───── Data to process

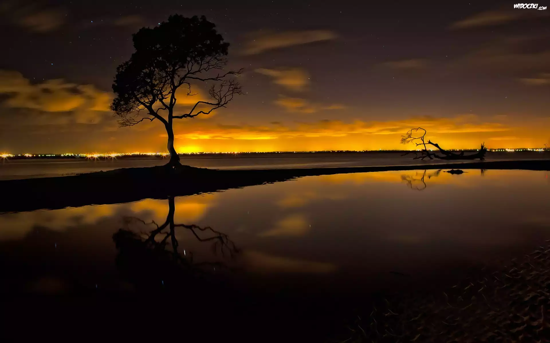 Zdjęcia, Jezioro, Zachód, Słońca, Drzewo
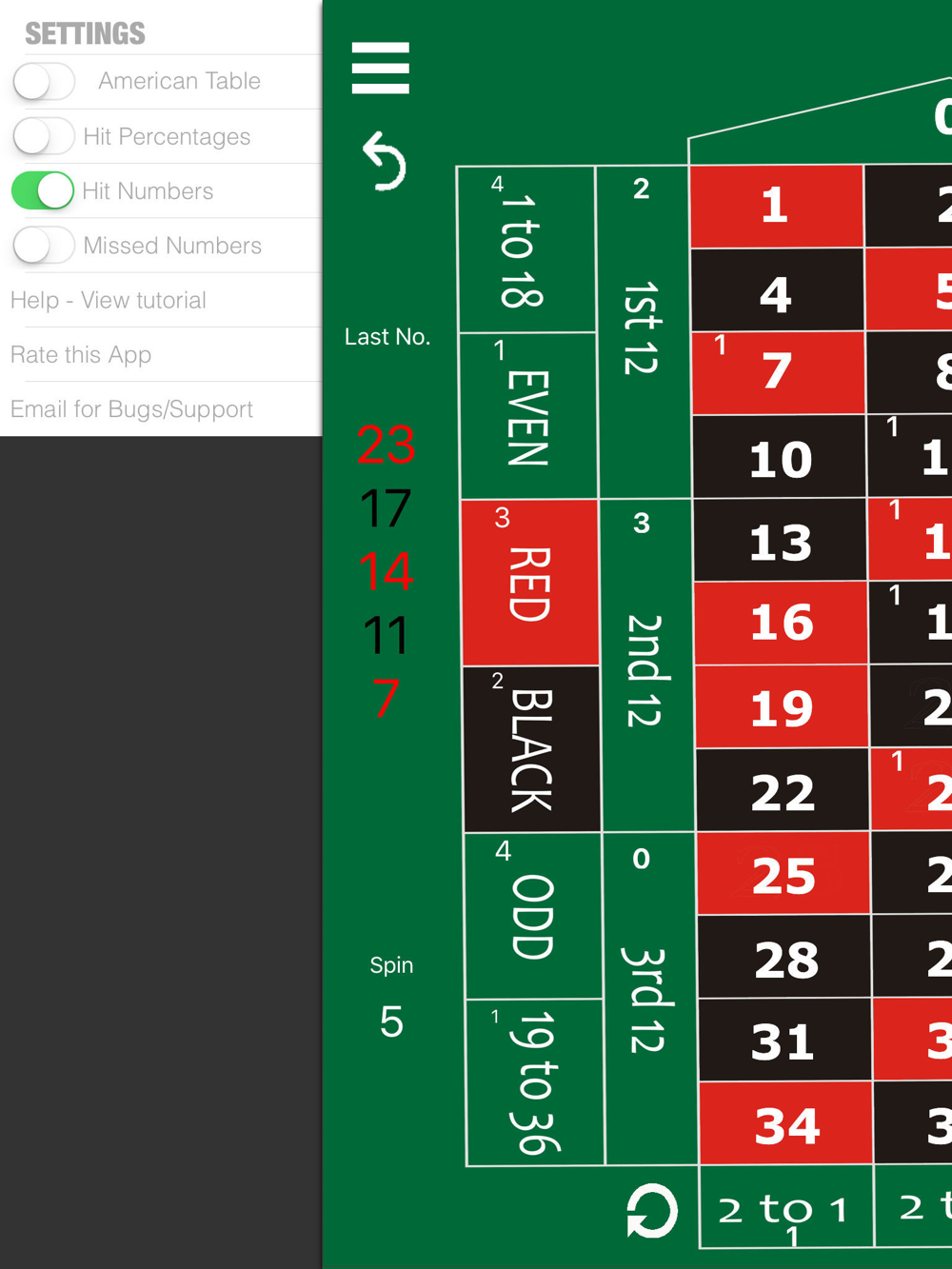See the percentages or count of Red/Black, Odd/Even, Hi/Low.
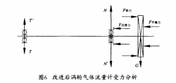 氣體渦輪流量計(jì)通過(guò)自身的調(diào)節(jié),依靠不同流量下葉輪轉(zhuǎn)動(dòng)的速度不同,產(chǎn)生不同的推力,通過(guò)這個(gè)推力,平衡垂直于葉輪端面的氣流推力(圖6),使得固定軸承在水平方向上所承受的F反推力有所降低,這樣大大改善了固定軸承的受力狀況,延長(zhǎng)軸承的使用壽命,并且由于軸承的摩擦力減小,軸承的運(yùn)轉(zhuǎn)精度得到進(jìn)-步提高,儀表的精度也會(huì)提高。
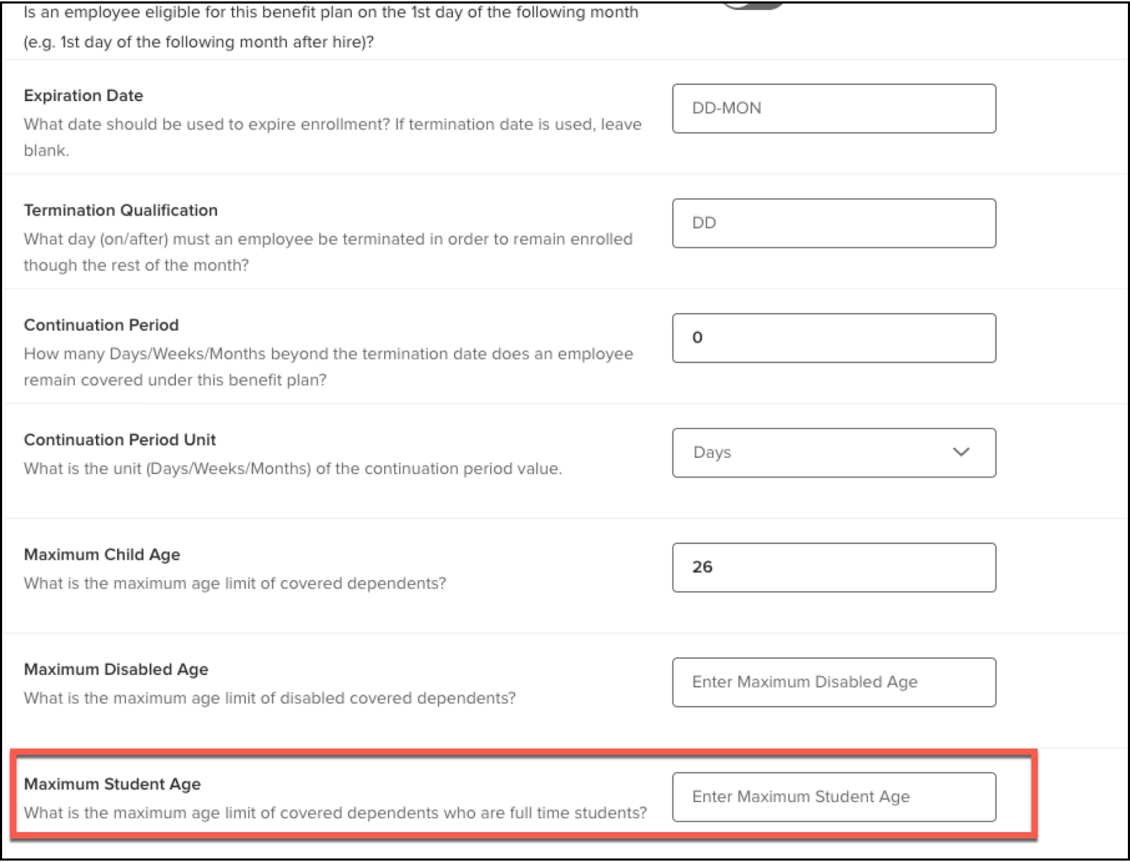 Employers will now be able to support having a different set of age rules for dependents who are flagged as students. They will be able to configure a maximum age at a coverage level to determine if a dependent who is identified as a student is eligible for a plan based on their age. This value will be used in all enrollment processes and the automated over age process.
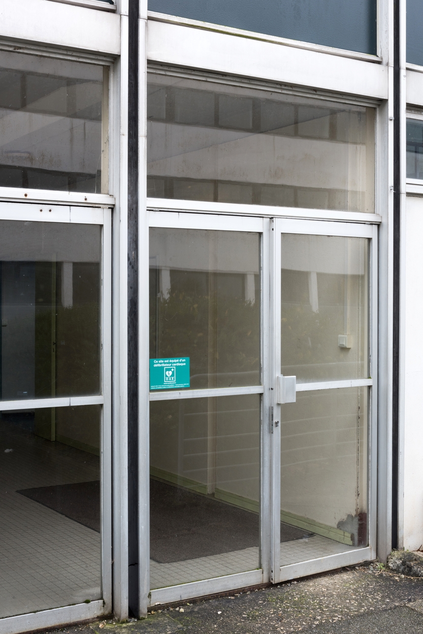 Entrée des anciens ateliers. Roger Dhuit, Jean-Claude Dondel, Jean de Jaegher, architectes, 1967.Immatriculation
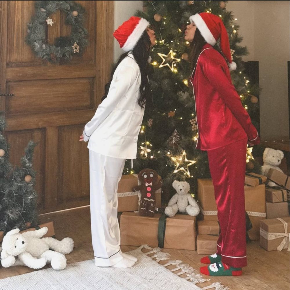 بلوز استین بلند و شلوار قرمز با مغزی سفید
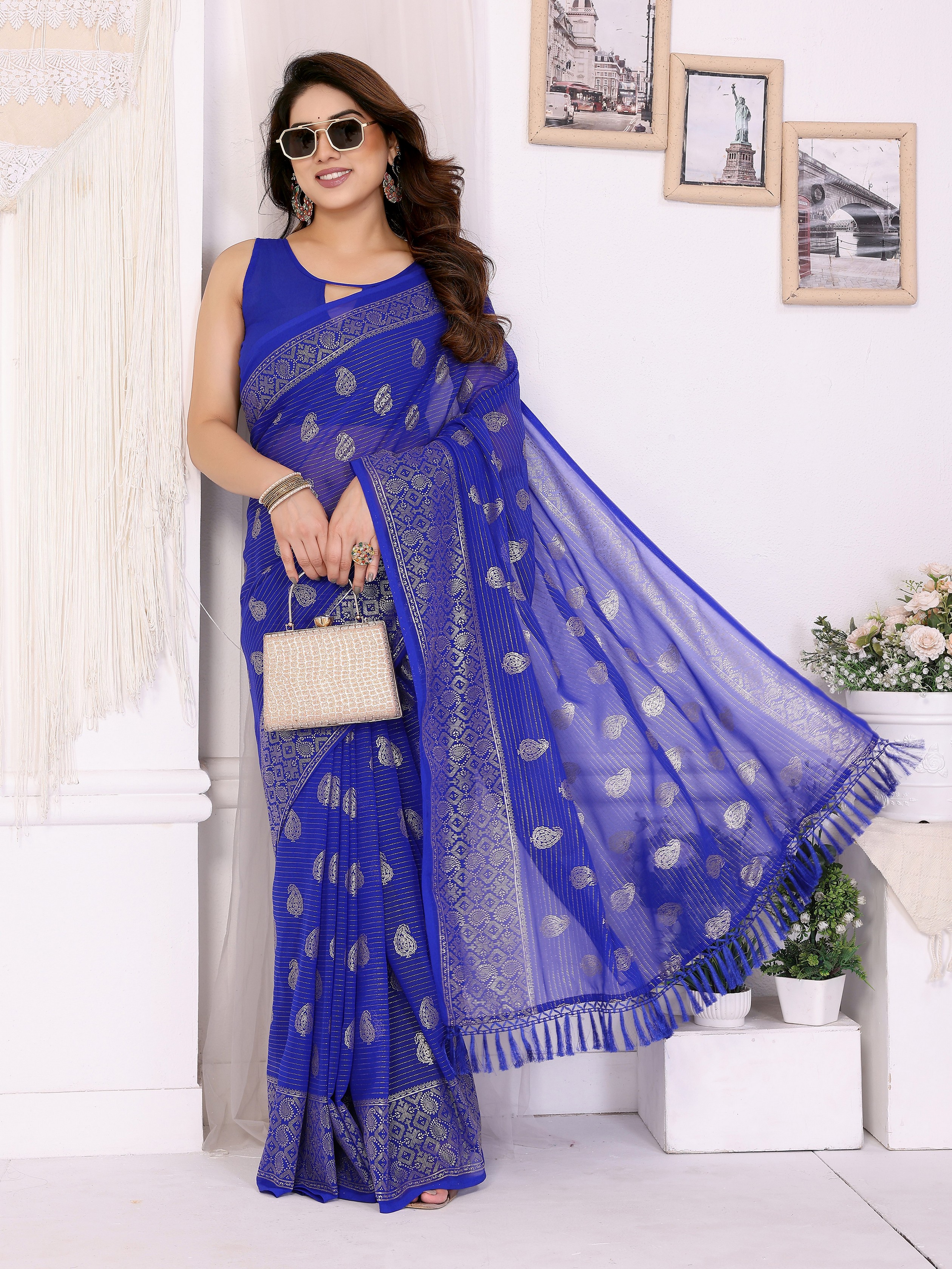 Royal Blue Color Georgette Fabric Designer Foil Printed Ceremonial Saree
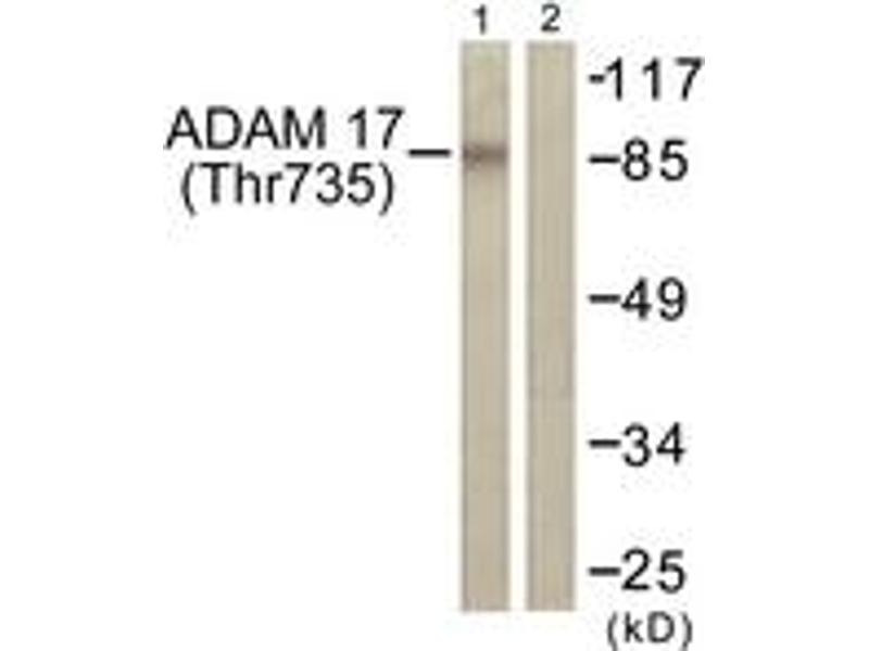 ADAM 17 (Phospho-Thr735) Antibody detects endogenous levels of ADAM 17 only when phosphorylated at Thr735.
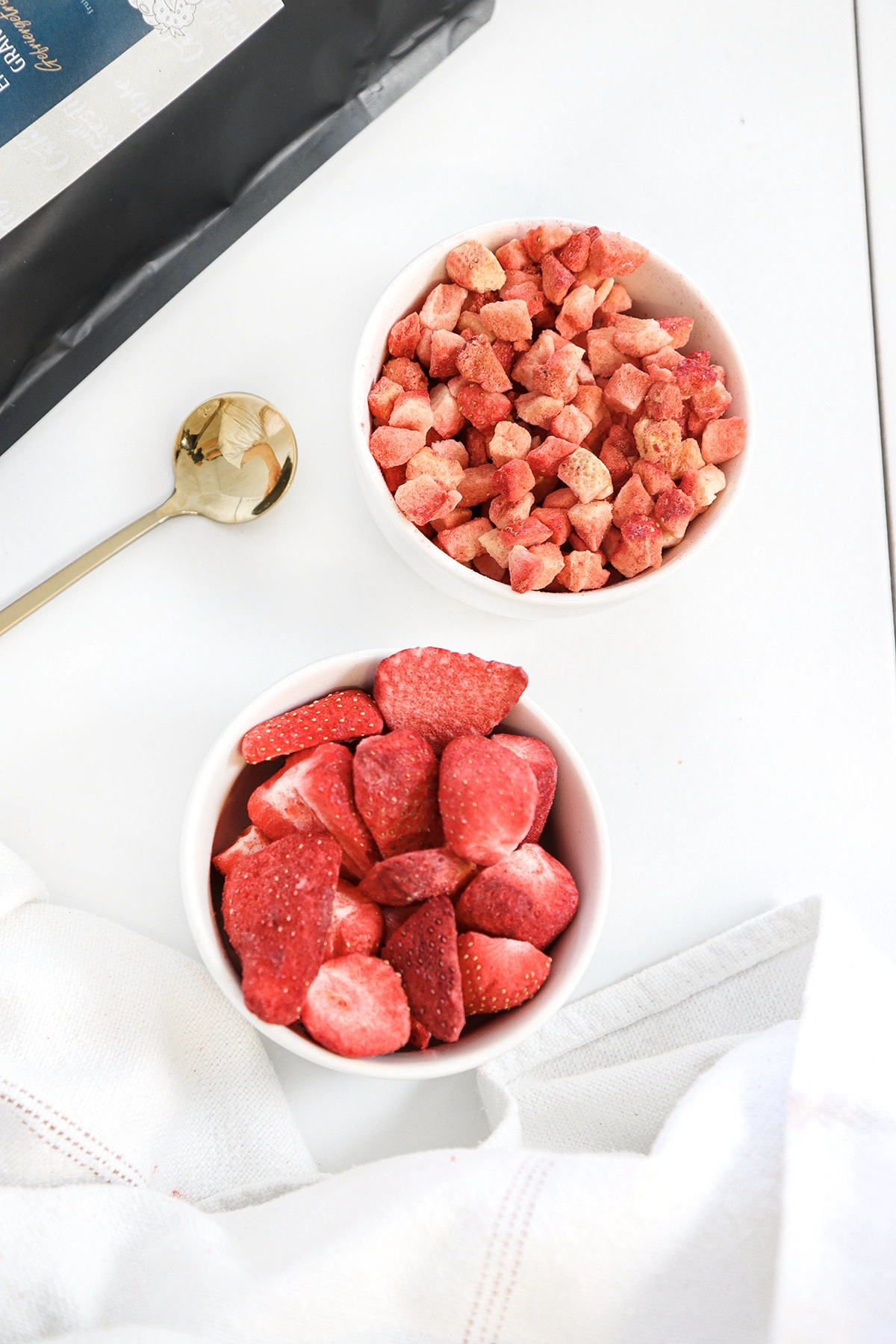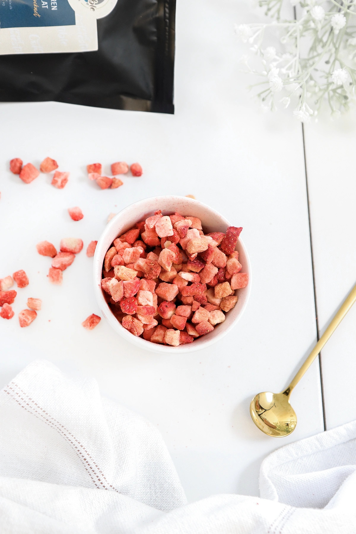 Gefriergetrocknetes Erdbeergranulat bietet die perfekte Kombination aus natürlicher Süße und Praktikabilität. Es ist ideal, um Textur und Geschmack zu einer Vielzahl von Gerichten hinzuzufügen.
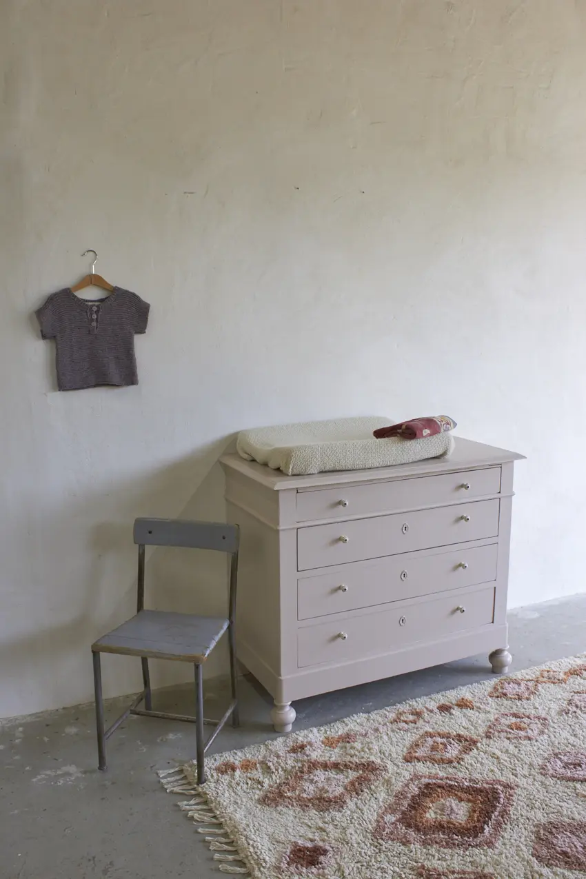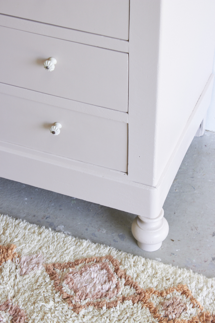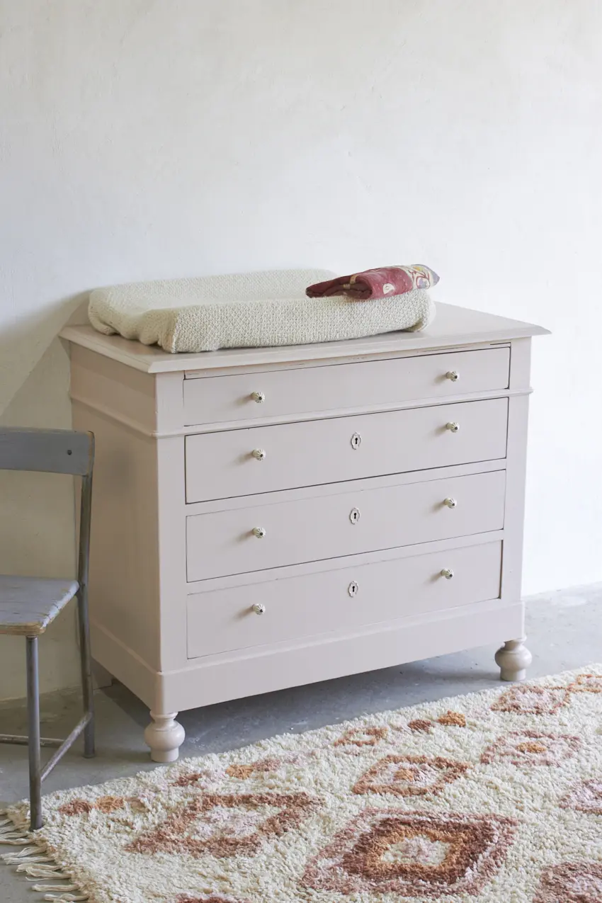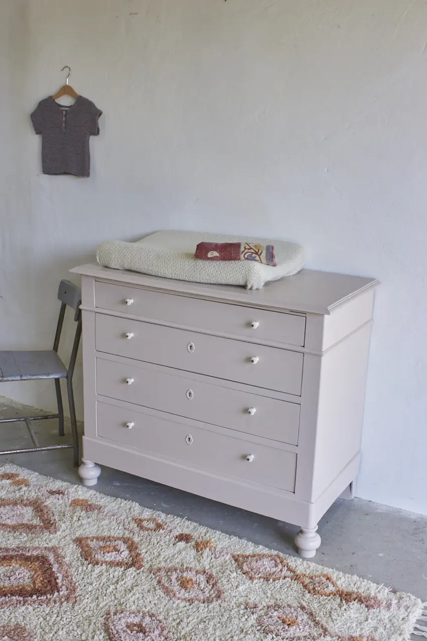 Wauw! Wat een plaatje, deze prachtige commode met in de kleur Bloesem. Ze is zo mooi geworden en lekker breed echt perfect om eerst als commode te gebruiken. Je hebt genoeg ruimte in de laatjes. Als de commode niet meer in functie is kan hij vervolgens ergens anders in huis een plekje krijgen, want deze kast zou natuurlijk ook fantastisch staan in de woonkamer als dressoir of als kledingkast in de kinderkamer. Kortom, je kan er alle kanten mee op! Wij zijn er heel blij mee.
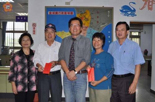 金城鎮西門里黃勝國與南門里李淑賢經金城鎮公所推薦獲選為中華民國第四十五屆模範老人與敬老楷模,將於十月十日在台北市國軍文藝活動中心舉辦全國慶祝老人節大會中接受頒獎表揚,金城鎮長石兆瑉昨日特別致贈程儀表達恭賀之意,也肯定其優良表現。 鎮長石兆瑉是於昨日上午十一時於鎮公所各致贈程儀三千元,祝賀黃勝國與李淑賢獲選為中華民國第四十五屆模範老人與敬老楷模殊榮。石鎮長並感謝他們對社會付出與貢獻,深受地方好評,不但是最佳的典範,也值得後輩學習與尊崇。 現年71歲的黃勝國,服務於中華電信四十多年,經歷助理管理師等項職務,育有子女六人在各服務機關有良好表現,是地方上人人稱羨的模範家庭。退休後並未賦閒在家,積極參與擔任金城鎮西門里民生社區發展協會理事、金門縣老人權益促進會理事、金城鎮西門里外武廟管理委員會監察人及金城鎮金水里黃氏世澤堂宗親會理事長,黃老先生雖已七十高齡,仍熱心為鄉里服務,負責盡職,任勞任怨,熱心公益、服務大眾引以為榮,此次榮膺全國模範老人,則當之無愧。 李淑賢目前從事菜販生意,每天忙完賣菜工作後,大部分時間都投入志工服務行列,是金門版的「賣菜阿嬤」。她長期於金門家庭扶助中心,投入心血照顧該中心弱勢家庭,並結合志同道合的朋友,成立金門家庭服務中心展愛服務隊,並擔任隊長來奉獻心力服務,其最終目標是秉持「服務還是服務」。對於獨居老人、低收入戶等弱勢家庭,主動配合慈善機構或發動急難救助,不時給予窩心而實質的關懷與救助,擔任南門社區發展協會常務監事,熱心推動社區發展工作,擔任南門里鄰長,協助政府推行政令,推動各項建設,熱心協助老人處理各項敬老申請,對孤苦年長者之病痛照顧與協助就醫,深受鄰里讚許。 李淑賢十年來擔任志願服務志工、義工,熱心參與老人兒童福利服務,捐血、文化推展、勞工服務等各項社會服務活動,獲得金門縣政府、金門家庭服務中心、金門紅十字會、金城鎮公所等單位頒發獎牌、感謝狀表揚,家中懸掛許多獎牌、感謝狀正是服務社會獲得肯定的成果。歷年來除兼顧事業與家庭,閒暇時間則奉獻心力參與各項志工服務,曾獲得全國模範勞工、救國團金城鎮團委會二等服務獎章、模範志工、金城國中、中正國小等學校傑出校友表揚,此次榮膺全國敬老楷模,實至名歸。

──────────

Go to the line above that has "氣體渦輪流量計(jì)通過(guò)自身" and copy exactly from there down to the line that has "Wauw! Wat een", both included. Leave the pictures out.

### [Task solution]
 氣體渦輪流量計(jì)通過(guò)自身的調(diào)節(jié),依靠不同流量下葉輪轉(zhuǎn)動(dòng)的速度不同,產(chǎn)生不同的推力,通過(guò)這個(gè)推力,平衡垂直于葉輪端面的氣流推力(圖6),使得固定軸承在水平方向上所承受的F反推力有所降低,這樣大大改善了固定軸承的受力狀況,延長(zhǎng)軸承的使用壽命,并且由于軸承的摩擦力減小,軸承的運(yùn)轉(zhuǎn)精度得到進(jìn)-步提高,儀表的精度也會(huì)提高。
 Employers will now be able to support having a different set of age rules for dependents who are flagged as students. They will be able to configure a maximum age at a coverage level to determine if a dependent who is identified as a student is eligible for a plan based on their age. This value will be used in all enrollment processes and the automated over age process.
 Entrée des anciens ateliers. Roger Dhuit, Jean-Claude Dondel, Jean de Jaegher, architectes, 1967.Immatriculation
 بلوز استین بلند و شلوار قرمز با مغزی سفید
 Royal Blue Color Georgette Fabric Designer Foil Printed Ceremonial Saree
 ADAM 17 (Phospho-Thr735) Antibody detects endogenous levels of ADAM 17 only when phosphorylated at Thr735.
 Gefriergetrocknetes Erdbeergranulat bietet die perfekte Kombination aus natürlicher Süße und Praktikabilität. Es ist ideal, um Textur und Geschmack zu einer Vielzahl von Gerichten hinzuzufügen.
 Wauw! Wat een plaatje, deze prachtige commode met in de kleur Bloesem. Ze is zo mooi geworden en lekker breed echt perfect om eerst als commode te gebruiken. Je hebt genoeg ruimte in de laatjes. Als de commode niet meer in functie is kan hij vervolgens ergens anders in huis een plekje krijgen, want deze kast zou natuurlijk ook fantastisch staan in de woonkamer als dressoir of als kledingkast in de kinderkamer. Kortom, je kan er alle kanten mee op! Wij zijn er heel blij mee.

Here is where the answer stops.